Amsterdam Impressionism was an art movement in late 19th-century Holland. It is associated especially with George Hendrik Breitner and is also known as the School of Allebé.

The innovative ideas about painting of the French Impressionists were introduced into the Netherlands by the artists of the Hague School. This new style of painting was also adopted in Amsterdam by the young generation of artists of the late 19th century. Like their French colleagues, these Amsterdam painters put their impressions onto canvas with rapid, visible strokes of the brush. They focused on depicting the everyday life of the city.

Origins
Breitner studied for four-and-a-half years at the Royal Academy, The Hague and came into contact with artists of the Hague School such as Jozef Israëls, Jacob Maris and Anton Mauve, joining the Pulchri Studio. Nevertheless his painting style was always too free to be realist in nature, a hallmark of the Hague School.
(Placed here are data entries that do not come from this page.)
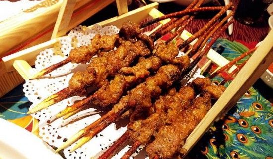 色澤醬黃油亮,肉質(zhì)鮮嫩軟脆,味道麻辣醇香,獨(dú)具特別風(fēng)味。可就著馕吃??狙蛉猓瑐鞯饺珖?guó)各地,其中以新疆的最為正宗!其做法是:把羊肉切成小薄片,用綱鐵釬穿上,放在燃燒著的無(wú)煙煤上烤,然后撒上些辣面子、精鹽和孜然,數(shù)分鐘即成。其色呈焦黃,油亮,味道微辣,不膩不膻,嫩而可口。據(jù)說不愿吃羊肉的上海人,吃了新疆的烤羊肉串,也都會(huì)伸出大拇指說:“蠻好切(吃)格”。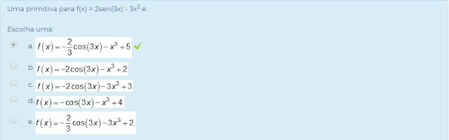 3) Uma primitiva para f(x) = 2sen(3x) - 3x2 é: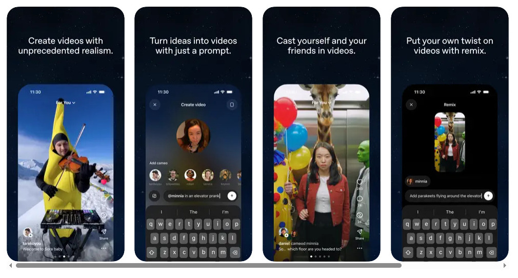 Entre sus funciones principales destaca “Cameos”, una herramienta que permite a los usuarios subir su imagen para aparecer en videos generados por la IA.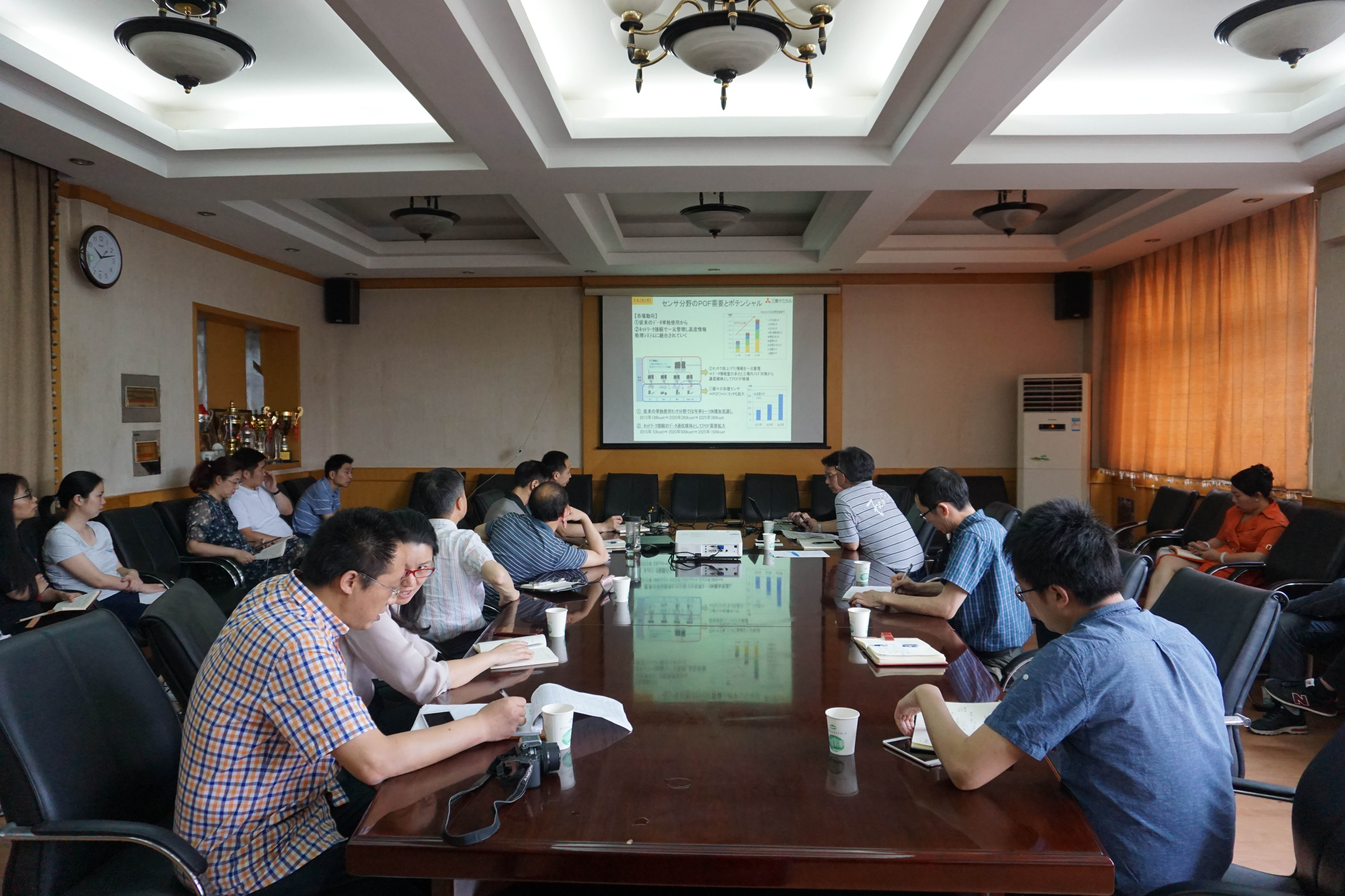 應公司的邀請,6月20日,日本三菱化學光纖事業部井尻雅文部長來到公司,作了題為“塑料光纖的現狀、應用及發展”的專題報告。基于塑料光纖價廉、柔性好、易于加工、質輕、抗電磁干擾等優點,在汽車MOST150總線系統、FA工業控制、CNC、電力控制、各類傳感器、特種照明等領域取得廣泛應用。隨著塑料光纖性能的進一步提高,在不久的將來,塑料光纖也會在車載以太網、智能機器人、風力發電、民航飛機及各類飛行器等領域的應用發揮重要的作用。

In 1884 he moved briefly to Paris, coming into contact with impressionism, and on his return he settled in Amsterdam where he became noted for his free and energetic depictions of urban life.

Other Amsterdam Impressionists were Floris Verster, Isaac Israëls, Willem Bastiaan Tholen, Kees Heynsius, Willem de Zwart, Willem Witsen and Jan Toorop, the last an associate of the Belgian painter James Ensor and a member of the Brussels Les XX. Also included in the movement are a group of late-impressionist woman artists called the Amsterdamse Joffers, whose members included Lizzy Ansingh and Suze Bisschop-Robertson.

Artists
This artists belong to the 2. generation of the Netherlands Impressionism. The Influence of their work was important on the subsequent movement of modern art in the 20th century.

 Pieter Florentius Nicolaas Jacobus Arntzenius (1864-1925)
 Johan Braakensiek (1858-1940)
 Nicolaas Bastert (1854-1939)
 Cornelius de Bruin (1870-1940)
 George Hendrik Breitner (1857-1923)
 Dirk van Haaren (1878-1953)
 Kees Heynsius (1890-1981)
 Richard Roland Holst (1868-1938)
 Isaac Israëls (1865-1934)
 Hendrik Maarten Krabbé (1868-1931)
 Jacobus van Looy (1855-1930)
 Johan Thorn Prikker (1868-1932)
 Hobbe Smith (1862-1942)
 Willem Bastiaan Tholen (1860-1931) 
 Johannes Theodorus Toorop (1858-1928)
 Floris Verster (1864-1925)
 Jan Hillebrand Wijsmuller (1855-1925)
 Willem Witsen (1860-1923)
 Willem de Zwart (1862-1931)

Gallery

Amsterdamse Joffers
 Lizzy Ansingh (1875–1959)
 Jo Bauer-Stumpff (1873–1951)
 Ans van den Berg (1873–1942)
 Nelly Bodenheim (1874–1951)
 Marie van Regteren Altena (1868–1958)
 Jacoba Johanna (Coba) Ritsema (1876–1961)
 Suze Bisschop-Robertson (1855–1922)
 Thérèse Schwartze (1851–1918)
 Jacoba Surie (1879–1970)
 Betsy Westendorp-Osieck (1880–1968)

The following female artist had contact to the Amsterdamse Joffers:

 Elsa van Doesenburg (1875–1957)
 Josepha Johanna Julia Marie Tepe (1884–1962)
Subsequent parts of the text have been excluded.